Hello, dear friend, you can consult us at any time if you have any questions, add WeChat: daixieit

Population Attitudes – Clustering Lab

Numerous studies have attempted to analyze attitudes of populations, and countries which have the most content and happiest population.  Typically, the happier the population, the more productive the workforce is, the higher the investment into the community is, and the stronger the loyalty is to the country.  As such, having a happier population is a very important calculation for countries to make.
As might be expected, it is difficult to accurately calculate a countries level of happiness. A number of efforts have been made to use various drivers to draw conclusions on which countries are happiest.

The data set Clustering Lab.jmp contains this database.
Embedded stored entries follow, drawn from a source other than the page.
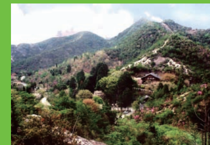
ハイキングコースから眺めた石彫 アトリエ館付近
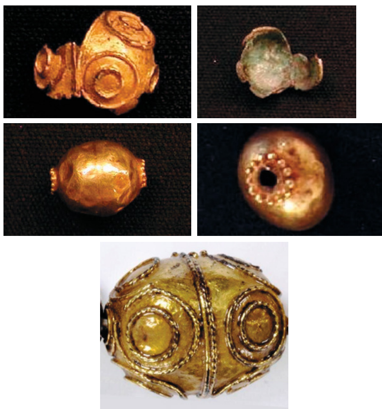
Fig. 8. Tesoro de Charilla. Museo de Jaén. a) y b) Fragmento de cuenta con aros superpuestos CE/DA02789/23; c) cuenta lisa CE/DA02789/7; d) CE/DA02789/17. e) Tesoro de Murcia. Cuenta globular grande. Victoria & Albert Museum.

culos concéntricos de alambre; al estar rota se puede ver su interior y parece de plata dorada; en su estado actual mide 0,60 cm de anchura (CE/DA02789/23). Es el testimonio más antiguo que tenemos de este tipo de cuentas decoradas con círculos de alambre soldados en su superficie ( fig. 8a y fig. 8b ). En el mismo conjunto había cuatro cuentas esféricas huecas de metal dorado de 0,65 cm de diámetro (CE/DA02789/7, 8, 9 y 17); llevan las aberturas rodeadas por un círculo de microesferas soldadas a modo de decoración ( fig. 8c y fig. 8d ) 49 .
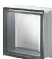
REF.: Q19TNOST1 NORDICA Q19 T SAHARA 1S SAP CODE: 121534
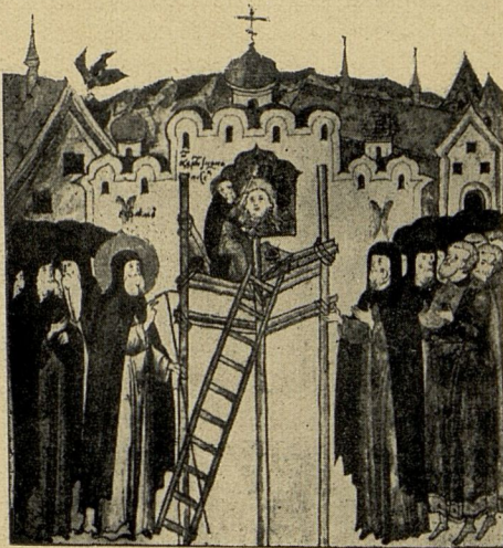
Преп. Андрей Рублевъ расписываетъ Спаса - Андрониковъ монастырь. (Изъ лицевой рукописи XV в.)
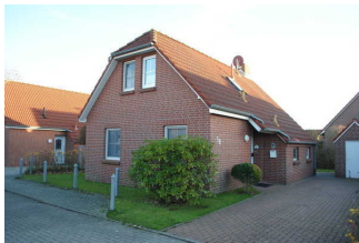
Ferien für Alle - Friesenhaus
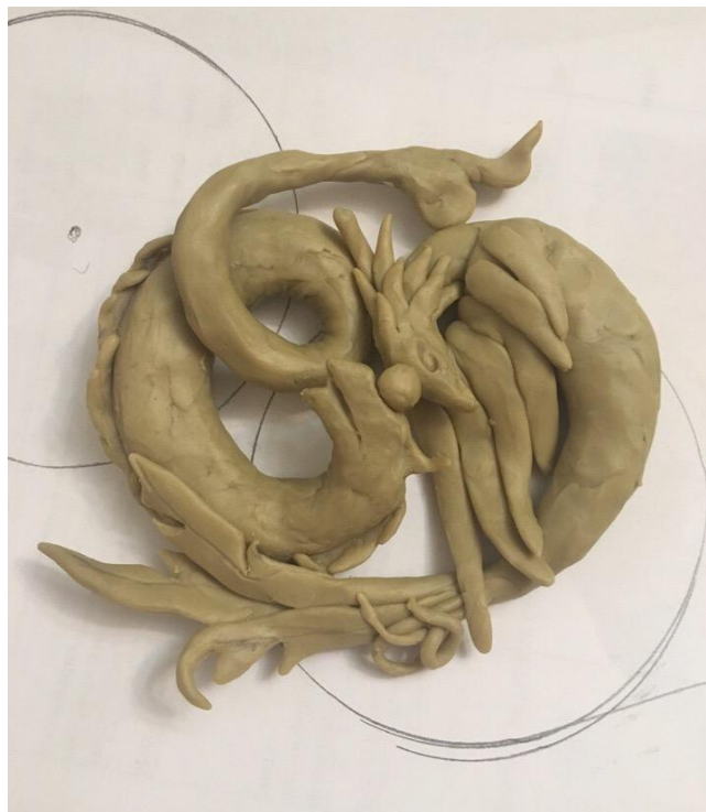
Рисунок 4. Этап макетирования «Хранители очага» ДПИп-1501 Алексанян К.К. 2019г.
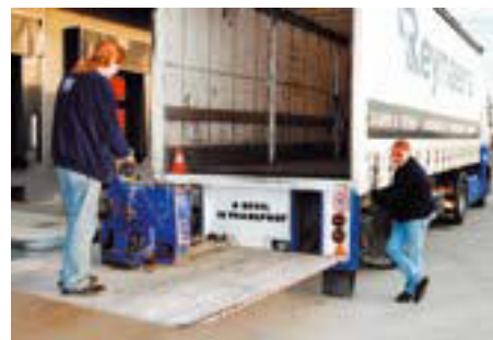
Wózek podnośnikowy z napędem elektrycznym
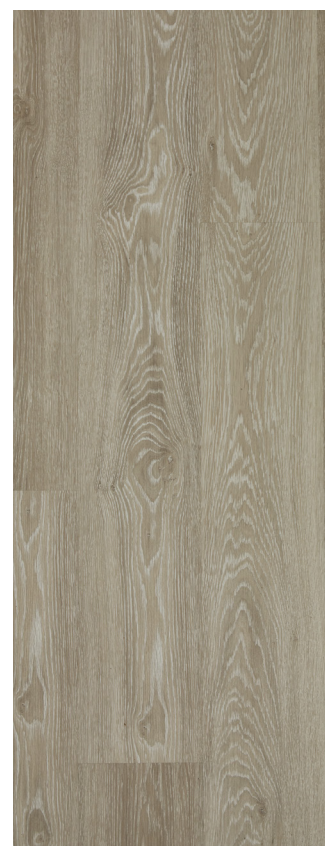
Washed Tundra Oak Varenr.: 80002833 DB nr.: 2279039
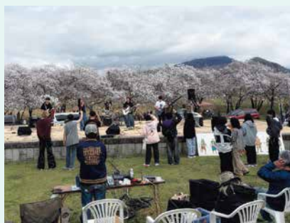
高校生ロックフェス in 古戦場
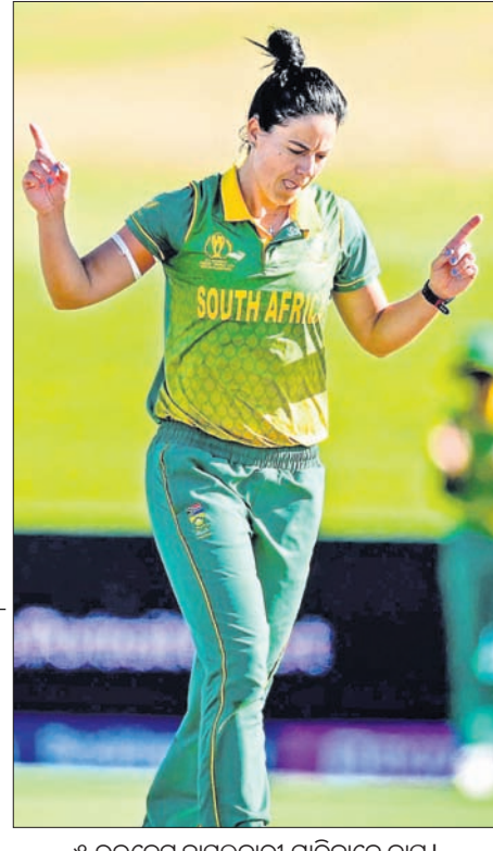
୫ ଉଇକେଟ ହାସଲକାରୀ ମାରିଜାନେ କାପ୍ ।

ଇନିଂସରେ ସେ ୨୦୪ ରନ କରି ଅପରାଜେୟ ରହିଥିଲେ । ତାଙ୍କର ଷ୍ଟ୍ରାଇକହାର ଥିଲା ୧୭୪.୩୬ । ଏହି ରେମ୍ପରେ ସେ ଯଥାକ୍ରମେ ୨୮ ବଲ୍ରେ ୫୬, ୪୪ ବଲ୍ରେ ୬୪ ଓ ୪୫ ବଲ୍ରେ ୬୩ ରନ କରି ଅପରାଜିତ ରହିଥିଲେ । ଏହି ସିରିଜରେ ୨୦ ଚୌକା ଓ ୭ ଛକା ମାରିଥିବା ଆୟାର ପ୍ଲେୟର ଅଫ୍ ଦି ସିରିଜ ବିବେଚିତ ହୋଇଥିଲେ । ଚଳିତ ମାସରେ ମଧ୍ୟ ୨୭ ବର୍ଷୀୟ ଆୟାର ସେହି ଫର୍ମା କାରି ରଖିଛନ୍ତି । ବେଙ୍ଗାଲୁରୁରେ ଅନୁଷ୍ଠିତ ଶ୍ରୀଲଙ୍କା ବିପକ୍ଷ ଦ୍ୱିତୀୟ ଟେଷ୍ଟରେ ସେ ପ୍ରଥମ ଇନିଂସରେ ୯୨ ରନ ଷ୍ଟୋର କରିଥିଲେ । ୨୧ ବର୍ଷୀୟ କେରୁ ଭାରତ ବିପକ୍ଷ ସୀମିତ ଓଭର କ୍ରିକେଟ ସିରିଜରେ ଉତ୍ତମ ବ୍ୟାଟ୍ ଓ ବଲ୍ରେ ଚମକ ଦେଖାଇଥିଲେ । କୋଟିରେ ସେ ଭାରତୀୟ ଦଳର ଅଧିନାୟକା ମିତାଲି ରାଜ ଓ ଅଲରାଉଣ୍ଡର ଦୀପ୍ତି ଶର୍ମାଙ୍କୁ ପଛରେ ପକାଇ ଦେଇଥିଲେ । ଫ୍ଲୋରିଡରେ ଜିନ୍ଦି କେରୁ ଆଧୁନିକ କ୍ରିକେଟରେ ଜଣେ ଶ୍ରେଷ୍ଠ ମହିଳା କ୍ରିକେଟର ଭାବେ ବିବେଚିତ ହେଉଛନ୍ତି ।

In general, the higher the values, the better they were perceived. The dataset contains the variables below:

Country – The name of the country

Score – The sum of Investment Potential, Diet, Freedom of Press, Recreation, Education System, Healthcare, Infrastructure Development, Currency Stability, Transportation, Political Stability

Investment Potential – Perceived attractiveness of investing into the country (0.00 – 1.00)
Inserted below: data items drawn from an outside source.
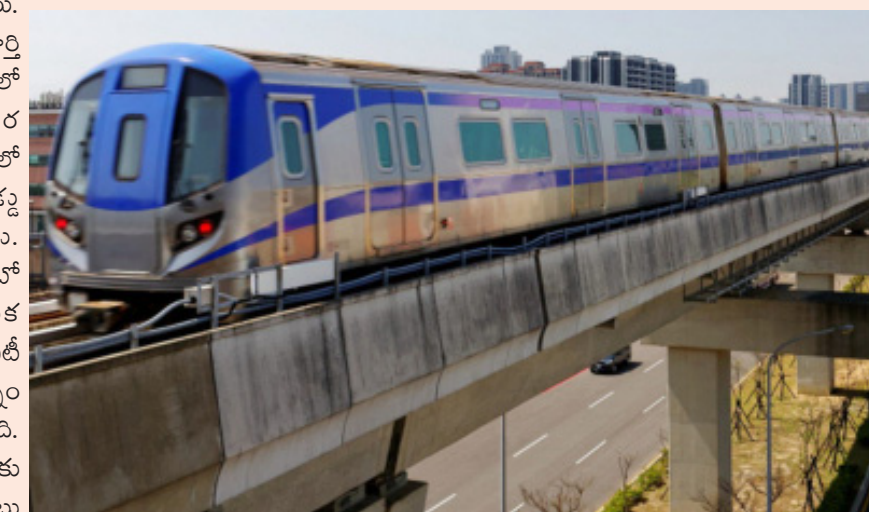
ప్రాజెక్టుకు కేంద్రం అనుమతులు ఇవ్వగా.. డీటెయిల్డ్ ప్రాజెక్టు రిపోర్ట్ (డీపీఆర్)ను తయారు చేయడానికి కేంద్రం నుంచి

అనుమతి రావాల్సి ఉంది. ఈ నేపథ్యంలోనే విశాఖ మెట్రో డీపీఆర్కు త్వరలోనే కేంద్రం నుంచి అనుమతులు రానున్నాయి. ఆ తర్వాత టెండర్లు పిలిచి పనులు ప్రారంభించనున్నారు. కేంద్ర, రాష్ట్ర ప్రభుత్వాలు కలిసి సంయుక్తంగా ఈ విశాఖ మెట్రో నిర్మాణాన్ని చేపట్టనున్నాయి.ఇందులో కేంద్ర ప్రభుత్వం తన వాటాగా కొంత మొత్తాన్ని కేటాయించేందుకు అంగీకరించింది. మరోవైపు.. విజయవాడ మెట్రోకు కూడా కేంద్రంలోని సరేంద్ర మోడి ప్రభుత్వం అనుమతులు ఇచ్చిన సంగతి తెలిసిందే. విజయవాడ మెట్రోకు త్వరలోనే సర్వే చేపట్టనుండగా.. ఆ తర్వాత డీపీఆర్ను తయారు చేసి ఆమోదం కోసం కేంద్ర ప్రభుత్వానికి పంపించనున్నారు.మరోవైపు.. హైదరాబాద్లోని టెలి రింగ్ రోడ్డు (ఓఆర్ఆర్) లాగానే విశాఖపట్టణంలో కూడా సెమి రింగ్ రోడ్డు నిర్మాణం చేపడతామని మంత్రి నారాయణ స్పష్టం చేశారు. ఈ సెమి రింగ్ రోడ్డు నిర్మాణం పూర్తి అయితే విశాఖలో ట్రాఫిక్ భారీగా తగ్గుతుందని పేర్కొన్నారు. సెమి రింగ్ రోడ్డు నిర్మాణానికి సంబంధించి వీఎండీఎ అధ్యయనం చేస్తోందని.. విశాఖ అభివృద్ధి కోసం హడ్కో సహకారం ముఖ్యమని మంత్రి తెలిపారు.కార్పొరేషన్లు, మున్సిపాలిటీలకు ఆదాయాన్ని సమకూర్చుకునే మార్గాలను అన్వేషించనున్నట్లు పేర్కొన్నారు. రాంబిల్లి-భోగాపురం ప్రాజెక్టును వీఎంఆర్డీపీ పరిశీలిస్తోందని తెలిపిన మంత్రి నారాయణ.. మాస్టర్ ప్లాన్ రోడ్లలో ఒక రోడ్డుకు అటవీ భూమి అద్దంగా ఉందని వెల్లడించారు. ముఖ్యమంత్రి నారా చంద్రబాబు నాయుడు.. డిప్యూటీ సీఎం పవన్ కళ్యాణ్లను కలిసి మాట్లాడి సమస్యను పరిష్కరించనున్నట్లు స్పష్టం చేశారు.
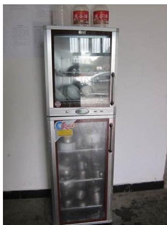
图 4 消毒柜在使用中

由于调查人到达学校后，学生们还在上课，厨师刚开始准备做米饭，还未炒菜，所以没和学生们一起吃午餐。可以看到该校消毒柜在使用中。
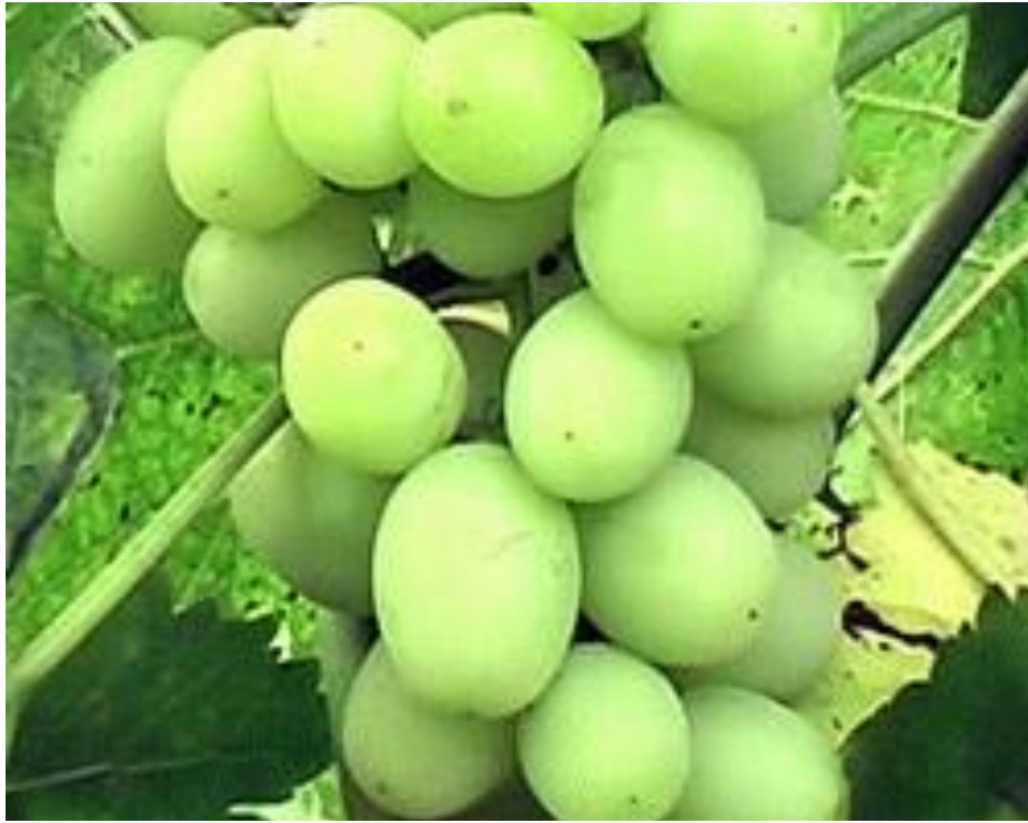
Сорт винограда агрус

СТОЛОВЫЙ СОРТ ВИНОГРАДА, ОЧЕНЬ РАННЕГО СРОКА СОЗРЕВАНИЯ, ОТ НАЧАЛА РАСПУСКАНИЯ ПОЧЕК И ДО ПОЛНОЙ ЗРЕЛОСТИ ЯГОД ПРОХОДИТ 100-115 ДНЕЙ. НА ЮГЕ БЕЛАРУСИ СОЗРЕВАЕТ В СЕРЕДИНЕ АВГУСТА. КУСТЫ ВИНОГРАДНОГО РАСТЕНИЯ СРЕДНЕРОСЛЫЕ. ПЛОДНОСТЬ ПОБЕГОВ ВИНОГРАДА ОЧЕНЬ ВЫСОКАЯ, СОРТ СКЛОНЕН К ПЕРЕГРУЗКЕ УРОЖАЕМ, ПОЭТОМУ НЕОБХОДИМО НОРМИРОВАНИЕ РАСТЕНИЙ ГРОЗДЯМИ. СОРТ ВИНОГРАДНОЙ ЛОЗЫ УРОЖАЙНЫЙ, ПОБЕГИ ВЫЗРЕВАЮТ ХОРОШО, УКОРЕНЯЕМОСТЬ ЧЕРЕНКОВ УДОВЛЕТВОРИТЕЛЬНАЯ. ЦВЕТК ФУНКЦИОНАЛЬНО ЖЕНСКИЙ, НО ОПЫЛЯЕМОСТЬ ХОРОШАЯ
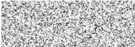
Razítko a podpis pořadatele

Diet – Perceived quality of the diet of the population (0.00 – 1.00)

Freedom of Press – Perceived freedom of press (0.00 – 1.00)

Recreation – Perceived ability to engage in recreational activities (0.00 – 1.00)

Education System – Perceived quality of education  (0.00 – 1.00)

Healthcare – Perceived accessibility to healthcare facilities  (0.00 – 1.00)

Infrastructure Development – Perceived level of infrastructure development (0.00 – 1.00)

Currency Stability – Perceived confidence in currency (0.00 – 1.00)

Transportation – Perceived accessibility to transportation (0.00 – 1.00)

Political Stability – Perceived political stability (0.00 – 1.00)

Using k-Means clustering, answer the following questions:

1. If the data set asked for respondents to explain their favorite feature of a country (e.g. mountains, beach, activities etc. etc.) would this be helpful for us to cluster the data?

2. Using a cluster model with 6 clusters, which cluster has the highest score on average? How many data points are in that cluster?

3. What are the Cluster Means of this cluster?

4. Which cluster has the highest number of data points? How many data points are in that cluster?

5. Let’s assume that we want to use the statistical best number of clusters. If we used a range of clusters (3-9), which number of clusters would be best to use?  Why?

6. 7 Cluster, 8 Cluster and 9 Cluster models all have clusters with 1 data point in them. What country is this? What does it mean when a cluster has one data point in it?

7. Do the number of clusters matter?  For example, explain in simple terms what it would mean if we used 3 clusters as opposed to 23 clusters.

For questions 8, 9, 10, 11 use hierarchical clustering (with all values except ‘Country’)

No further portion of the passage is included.